The way sentences containing the German character ß get longer when uppercased was specially designed to create memory problems in C programs doing string handling
@foone I was part of an upgrade project where program parts written in C was moved to Java. The DB layer of the program used two columns VARCHAR(n) for text - one as-is, and one in upper case for indices; both with the same n. The client truncated the string.
The upgrade was a long project and tested extensively, but on the day of the go live the DB connection suddenly hang.
Reason: Java did The Right Thing and converted ß → SS, and the DB interface didn't deal well with too long strings.

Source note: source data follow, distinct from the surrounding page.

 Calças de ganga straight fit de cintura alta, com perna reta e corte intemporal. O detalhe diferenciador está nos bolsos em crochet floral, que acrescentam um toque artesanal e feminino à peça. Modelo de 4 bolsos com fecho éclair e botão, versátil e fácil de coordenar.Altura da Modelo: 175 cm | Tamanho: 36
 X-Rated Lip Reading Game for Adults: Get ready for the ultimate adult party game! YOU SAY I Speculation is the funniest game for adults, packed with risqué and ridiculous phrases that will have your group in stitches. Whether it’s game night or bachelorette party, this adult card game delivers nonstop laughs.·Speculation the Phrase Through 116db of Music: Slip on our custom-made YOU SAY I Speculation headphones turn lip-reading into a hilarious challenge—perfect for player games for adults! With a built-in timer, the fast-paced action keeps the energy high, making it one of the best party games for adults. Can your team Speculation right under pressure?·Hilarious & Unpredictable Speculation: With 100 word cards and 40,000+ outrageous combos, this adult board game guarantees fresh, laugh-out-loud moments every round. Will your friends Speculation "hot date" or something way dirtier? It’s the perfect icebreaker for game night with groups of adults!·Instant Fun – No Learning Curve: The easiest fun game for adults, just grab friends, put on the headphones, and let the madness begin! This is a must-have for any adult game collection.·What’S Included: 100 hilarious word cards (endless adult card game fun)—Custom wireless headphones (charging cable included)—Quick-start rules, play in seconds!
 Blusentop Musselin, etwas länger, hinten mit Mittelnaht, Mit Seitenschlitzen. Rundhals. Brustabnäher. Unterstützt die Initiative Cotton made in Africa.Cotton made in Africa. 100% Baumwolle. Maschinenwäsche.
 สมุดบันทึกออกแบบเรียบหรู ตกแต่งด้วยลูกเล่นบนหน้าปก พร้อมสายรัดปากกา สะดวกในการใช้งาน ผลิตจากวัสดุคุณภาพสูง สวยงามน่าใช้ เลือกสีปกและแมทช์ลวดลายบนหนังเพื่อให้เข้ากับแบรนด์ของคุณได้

@foone In some official capacities, where things have to be uppercased (from typewritert days), the "ß" has to be transformed into "(SS)" (so as to differentiate "Assman" -> "ASSMAN" and "Aßman" -> "A(SS)MAN", and yes it is hilarious for English readers).

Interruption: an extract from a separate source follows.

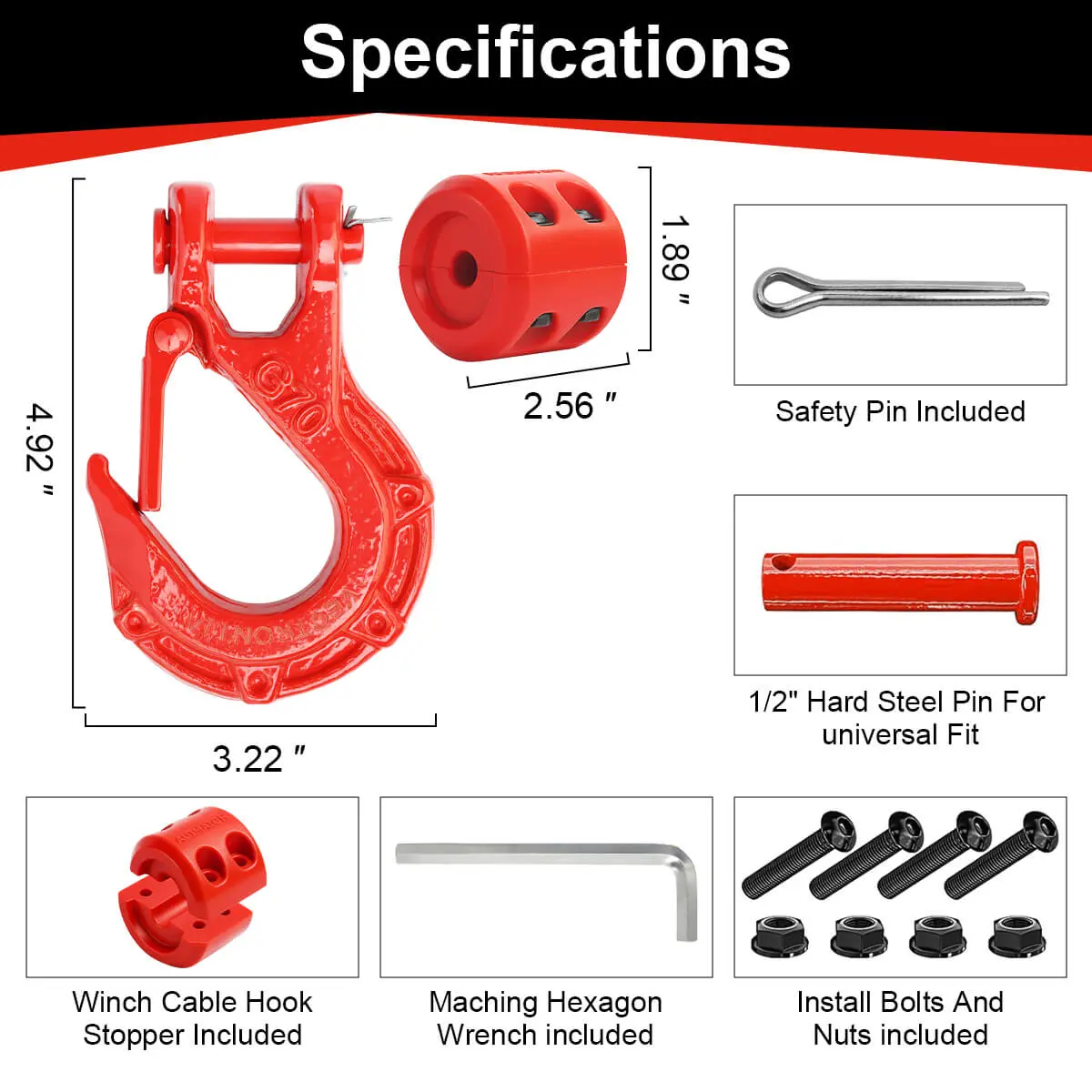 Equipped with a UV-resistant rubber winch cable stopper, it prevents collisions between the hook and winch fairlead, reducing wear on your rope hook and winch motor. The stopper’s split design and included Allen wrench make installation fast and easy.
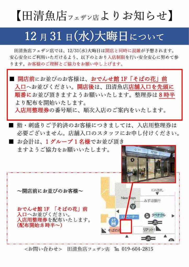 お知らせ 2025年12月9日 田清魚店フェザン店から「12/31大晦日の営業について」のお知らせ 田清魚店フェザン店では12月31日大晦日は開店と同時に混雑が予想されます。安心安全にご利用頂けるよう入店制限を行い安全安心に努めて参ります。お客様のご理解とご協力をお願いいたします。詳しくは下記「入店制限のお知らせ」よりご確認ください。 PDFを見る››

It is its own pumping lemma of sorts.
@foone I was gonna say "just use ẞ" but depending on encoding, that might also add another byte or two I guess? Then again, is this really the only case where the uppercase variant of a character would require more bytes than the lowercase variant?
@foone Probably not related that much, but I remember that in the early days of mobile phones, when every text message was expensive, there was an an outrage that Polish diacritics (ąęźćńż) were counted as more than one character within the 140 characters limit.